动手实践：构建一个简单的 TFX 流水线

构建一个使用核心 TFX 组件的端到端机器学习 (machine learning)流水线，可以提供实际经验。这个演示展示了这些组件如何相互连接和传递数据（产物），自动化从数据引入到模型部署的工作流程。

本例将使用广泛采用的芝加哥出租车行程数据集的简化版本。我们的目的不是构建最准确的预测模型，而是说明构建和运行 TFX 流水线的机制。

前提条件与设置

在开始之前，请确保您的 Python 环境中已安装 TFX。您通常可以使用 pip 进行安装：

pip install tfx

根据您协调流水线的方式，您可能还需要 Apache Beam 等特定运行器。对于此本地示例，默认运行器应该足够。我们还假设您有一个本地目录，可以存储流水线产物和输入数据。

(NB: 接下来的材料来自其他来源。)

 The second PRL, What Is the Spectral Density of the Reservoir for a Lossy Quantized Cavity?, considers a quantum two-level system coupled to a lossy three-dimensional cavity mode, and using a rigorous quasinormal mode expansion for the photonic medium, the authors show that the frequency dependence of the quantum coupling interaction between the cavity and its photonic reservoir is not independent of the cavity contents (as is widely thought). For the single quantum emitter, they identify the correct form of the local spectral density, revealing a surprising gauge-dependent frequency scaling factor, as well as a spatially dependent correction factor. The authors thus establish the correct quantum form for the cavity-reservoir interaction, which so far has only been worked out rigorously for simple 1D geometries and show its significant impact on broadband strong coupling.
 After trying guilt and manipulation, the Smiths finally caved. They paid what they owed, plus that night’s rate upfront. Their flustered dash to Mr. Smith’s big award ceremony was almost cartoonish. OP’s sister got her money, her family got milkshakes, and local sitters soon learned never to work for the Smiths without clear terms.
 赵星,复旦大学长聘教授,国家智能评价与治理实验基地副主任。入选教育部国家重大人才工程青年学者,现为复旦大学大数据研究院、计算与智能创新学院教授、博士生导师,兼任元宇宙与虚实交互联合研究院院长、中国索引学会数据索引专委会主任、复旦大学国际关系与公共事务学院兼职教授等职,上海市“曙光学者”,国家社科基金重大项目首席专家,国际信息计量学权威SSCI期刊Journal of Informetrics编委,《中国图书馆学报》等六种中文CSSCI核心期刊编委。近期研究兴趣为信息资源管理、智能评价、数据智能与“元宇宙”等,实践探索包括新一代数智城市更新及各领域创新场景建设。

假设我们的原始出租车数据（例如 data.csv）位于已知目录 ./data 中。我们的流水线定义和支持代码将位于一个 Python 脚本（例如 taxi_pipeline.py）中，TFX 将在指定的流水线根目录（例如 ./pipeline_output）中生成输出。

定义流水线结构

TFX 流水线在 Python 中以编程方式定义。您导入所需的组件并将它们连接起来，指定输入和输出。流水线定义描述了所需的工作流程图。

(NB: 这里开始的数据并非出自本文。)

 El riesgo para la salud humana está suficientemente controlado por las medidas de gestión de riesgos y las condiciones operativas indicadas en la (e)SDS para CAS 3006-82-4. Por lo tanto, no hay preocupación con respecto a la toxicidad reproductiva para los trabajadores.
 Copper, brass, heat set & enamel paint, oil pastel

让我们首先在 taxi_pipeline.py 脚本中设置基本结构。我们需要定义数据、流水线输出以及 Transform 和 Trainer 等组件所需的任何模块文件的路径。

# taxi_pipeline.py
import os
import tfx
from tfx.components import (
    CsvExampleGen, StatisticsGen, SchemaGen, ExampleValidator, Transform, Trainer, Evaluator, Pusher
)
from tfx.proto import example_gen_pb2, trainer_pb2, pusher_pb2
from tfx.orchestration.local.local_dag_runner import LocalDagRunner
from tfx.dsl.components.common importresolver
from tfx.dsl.experimental.latest_artifacts_resolver import LatestArtifactsResolver
from tfx.types import Channel
from tfx.types.standard_artifacts import Model, ModelBlessing

# 定义路径
_pipeline_name = 'taxi_simple'
_data_root = './data' # 包含 data.csv 的目录
_module_file = './taxi_utils.py' # 用于 Transform 和 Trainer 代码的文件
_pipeline_root = os.path.join('./pipeline_output', _pipeline_name)
_serving_model_dir = os.path.join(_pipeline_root, 'serving_model')

# 确保输出目录存在（可选，TFX 通常会处理）
os.makedirs(_pipeline_root, exist_ok=True)
os.makedirs(_serving_model_dir, exist_ok=True)

实现流水线组件

现在，让我们逐个实例化并连接 TFX 组件。

数据引入 (CsvExampleGen)：该组件从外部源读取数据。这里，我们使用 CsvExampleGen 来读取我们的 CSV 文件。它将数据转换为 TFExample 格式，这是 TensorFlow 训练的标准格式。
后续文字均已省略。